On another note my experience with a teaching hospital was horrid. It's a long story 20 years long. I spent 20 years at a teaching hospital. Nope I'm not afraid to say it anymore. I went to the University of Washington. Sorry if you didn't care to know the name but its out there now. The list is long I was shuffled from one specialty clinic to the next with no one connecting the dots. I've been tested for everything it seems. 6 miscarriages, loss of my son at 4 days old thousands upon thousands (yes 10's of thousands IVF aint cheap )spent at their infertility clinic. Nephritis from the time I was 13 that's what caused the pre eclampsia hmm cant figure out why you won't stay pregnant. Un explained is what I was labeled. Un controllable menstral cycles led to a hysterectomy at 37 hmm don't know why it must be that one tiny fibroid. I could keep going but you get the idea.

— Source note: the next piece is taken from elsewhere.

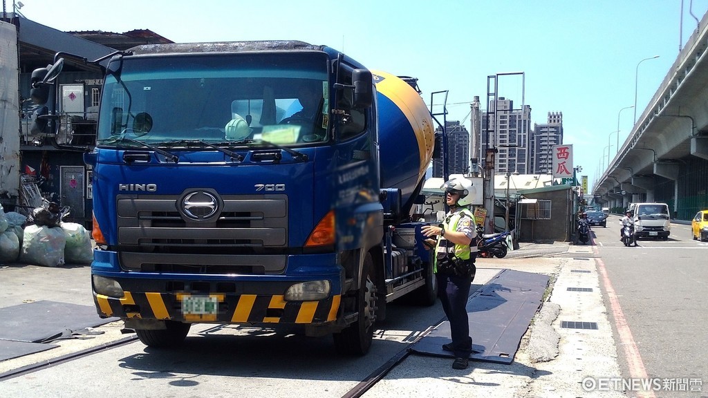 ▲世大運選手村周遭大車多,警方取締違規砂石車。(圖/記者陳豐德翻攝)

I have aps a clotting disorder common in lupus. Found out about 2 years ago. A year after my hysterectomy. My pre eclampsia was lupus flaring. My nephritis is lupus nephritis.
I brought my library of medical records sent before I switched providers. My first appt I brought a few key copies with me and left my first appt with 90% I'm pretty sure it sle. After more testing it was confirmed and suspected that I've had it since the age of 13.
Obviously I'm not the only one in which lupus has impacted there lives. I'm just a bit angry that had they caught the dx 20/15 years ago before my heartbreaking struggles to have a family and the death of my son my life would be so different.
I know that lupus can be hard to dx but it was really slapping them in the face and they never got it.
Now I'm not saying for you not to go. A second opinion and a urging from your current dr I would go. My experience is just that my experience. Teaching hospitals have done great things and saved many lives. My first born is one of them and I am grateful to them for that.
I'm sorry if this post comes of gruff but I'm newly dx'd and am still pretty angry. I just wanted to give you my story. I don't want to scare you into not going as I think you should. I just have to put my anger some where for so many years it was on me. I was a big failure in my eyes because I couldn't give my husband a child. Lupus failed me I didn't fail me. Feels good to finally know it.
If you're around , how did your experience go?
The "pros" are that a teaching hospital is always on the "learning curve" with cutting edge technology and fresh young opinions coupled with old tried and true opinions. Teaching hospitals normally have their own labs, xrays, and other physicians in other departments that your doc can refer questions to. The downside is that the doctors there seem to have a lot more patients, and you might get treated like a guinea pig.